Oímos a personajes eternos como el proustiano marqués de Norpois diciendo que el Alto Karabaj, después de que un tal Stalin, entonces comisario para las nacionalidades, lo anexionara a Bakú en 1921, pertenece, según el derecho internacional, a Azerbaiyán.
La verdad es que estamos petrificados ante la perspectiva del eterno retorno de la tragedia. No podemos ser europeos, verdaderamente europeos, es decir, habitados por una idea de una Europa fundada sobre el "nunca más" de la guerra y la exterminación sin tomar partido por Armenia.
Podemos decirlo a la manera de Villon y de sus "hermanos humanos" que casi no sobrevivieron.

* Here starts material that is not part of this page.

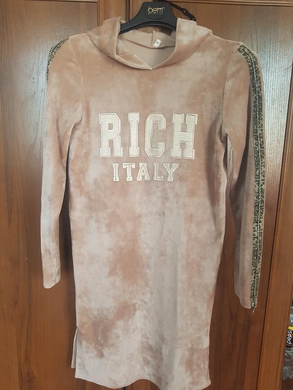 Праздничное велюровое платье-худи RICH Italy Стильное и уютное платье из мягкого велюра, идеальное для зимних и новогодних образов. Нежный пудровый цвет, аккуратная надпись RICH ITALY, декоративные элементы на рукавах. Комфортная, теплая и очень приятная к телу. Замеры (см): • ширина плеч - 36 • длина плеча - 8 • длина рукава - 54 • ширина под подмышками - 40 • длина изделия - 85 Состояние: идеальное, без дефектов. Отличный вариант для ежедневных образов.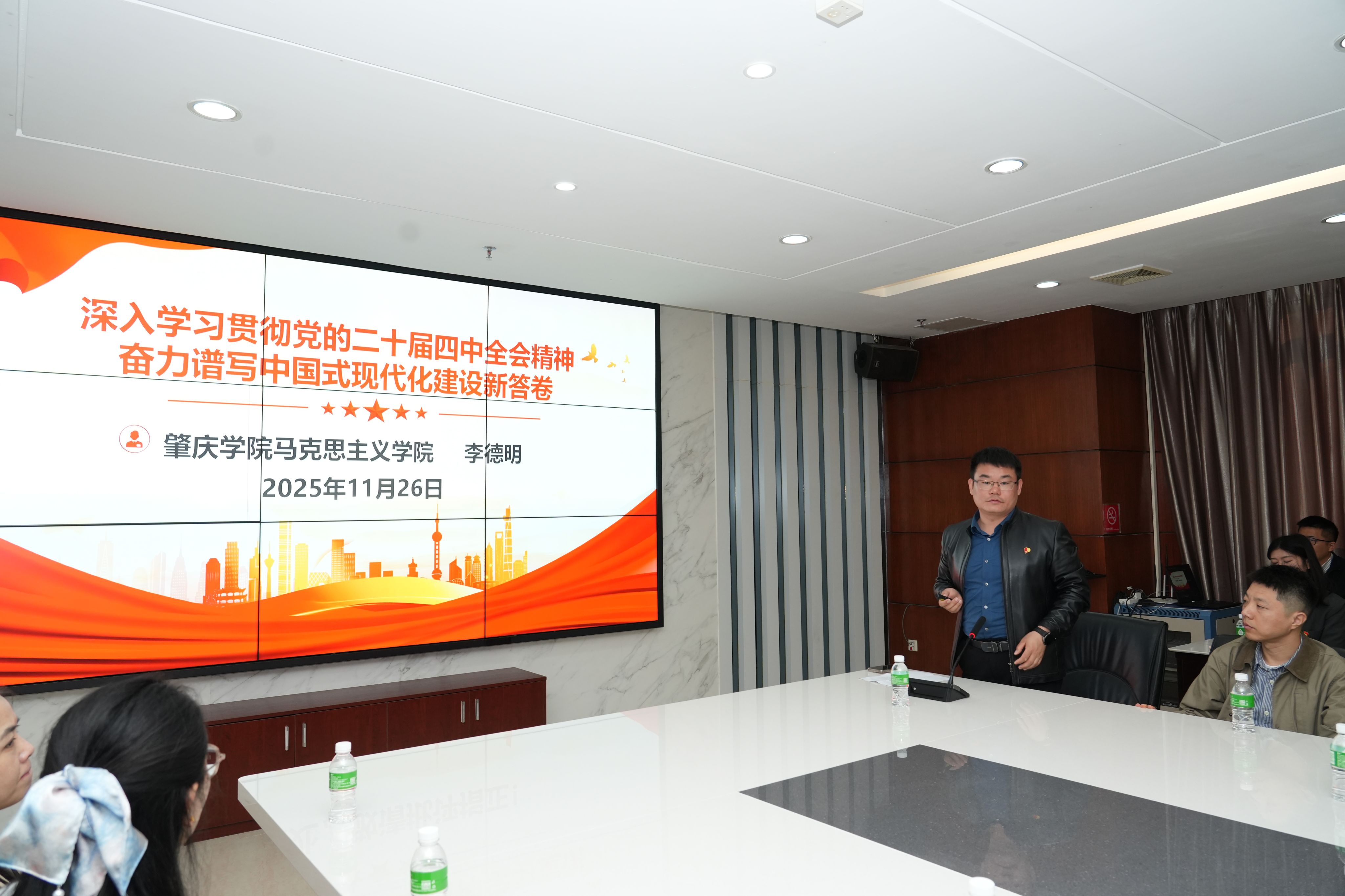 在集中理论学习环节,肇庆学院党的二十届四中全会精神宣讲团成员李德明博士围绕党的二十届四中全会的重大意义、核心要义、精神实质以及实践要求等方面,进行全面深入的解读,并结合禄步镇在绿美生态示范村建设与特色产业发展等方面的实践案例,引导党员深刻把握全会提出的“加快农业农村现代化,扎实推进乡村全面振兴”等重大任务及其指导意义,并深入阐释了“分类有序、片区化推进乡村振兴”的实施路径。

Con Víctor Hugo, cuya razón lírica sentenció que el cuidado de uno mismo no vale si no está acompañado por el "lamento", el "sacrificio", la "tumba" de los más desdichados.
Pensamos, en particular cuando uno es judío, en la "solidaridad de los estremecidos" sobre la que teorizó Jan Patocka, con la que se encomendaba a los supervivientes de todas las grandes masacres el recuerdo oscuro y tenebroso de la fraternidad que los une.
Armenia no es sólo Armenia. Después de la Shoá, quienes forjaron la noción de crimen contra la humanidad también tenían el nombre de Armenia en mente. Armenia es uno de los lugares no sólo del mundo, sino del espíritu, que han servido de crisol para lo que se ha convenido en llamar la conciencia universal.
El pueblo que allí habita es uno de los pocos del mundo que, como allí se ha decidido, en su historia, una parte del destino humano, es un pueblo que rebosa grandeza (por pequeño que sea). Por todas esas razones, mi doctrina está clara.
Y, de nuevo, salvo eliminar los antiguos parapetos de pensamiento que forman y fortifican el alma de Europa, no tenemos otra opción más que decir: el Estado-refugio de quienes escaparon al primer genocidio, ese pequeño país del dolor mucho más viejo que lo que dice su partida de nacimiento, ahora que está al borde del abismo, por principios, sí, por principios, tiene derecho a todo nuestro apoyo.
Añado que, las declaraciones de principios, en estos asuntos, no bastan. La desproporción de fuerzas es tal que también es necesario ayudar a los descendientes de las víctimas a enfrentarse, esta vez sí, a sus verdugos.
El mundo hizo oídos sordos, en 1936, cuando los republicanos reclamaron un apoyo claro para España. Acabó por escuchar, pero demasiado tarde, a los que querían, en 1992, que se salvaran los musulmanes de un Sarajevo bombardeado.
Ojalá recuerde la lección que aprendió y no permita, una vez más, que impere la ley del más fuerte: esta eterna tragedia no es más que una excusa para cínicos y estultos. Ante la Historia, colocarse al lado de Armenia es un imperativo metafísico, moral y político.